Another top priority, he said, is: getting more information about any links between distant infections. Is the disease spreading from West and Central Africa to other countries independently? Or do issues spread through networks of people?

“It’s going to be really important for us to understand that, because once you understand how cases are spreading … it gives us a chance to intervene,” Inglesby said.

Obtaining the genetic sequence of the virus behind the latest cases will help scientists verify whether they are dealing with a new strain of monkeypox. Inglesby said that unlike the flu or the coronavirus, researchers haven’t noticed much change in monkeypox over the years, “and it will be important to make sure that’s the case.”. “

Thanks to global trade and travel, experts said, smallpox viruses are able to spread farther.

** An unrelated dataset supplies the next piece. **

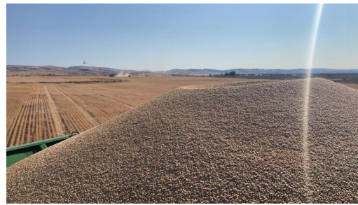
Soft white winter wheat in Wasco County on July 31, 2024.

The eradication of smallpox in 1980 helped the remaining smallpox viruses bypass dwindling protection measures, said Ann Rimoen, a UCLA epidemiologist who has studied monkeypox for two decades.

“No good deed goes unpunished,” said Raymoine. “You’re proclaiming that you can eliminate the pathogen, but you can leave room for another to emerge.”

While researchers have found a rise in the prevalence of monkeypox since the end of the smallpox vaccine campaign, other factors have been linked to the infection, including climate change and other environmental shifts that have led to more human-animal interactions, Rao said.

“We are now at a point where we really need to know why this is happening before we can start proposing solutions, such as vaccines,” Rao said. “This is unexpected. It is not something we would have recommended if you asked me two weeks ago because the risk to the general public is extremely rare.”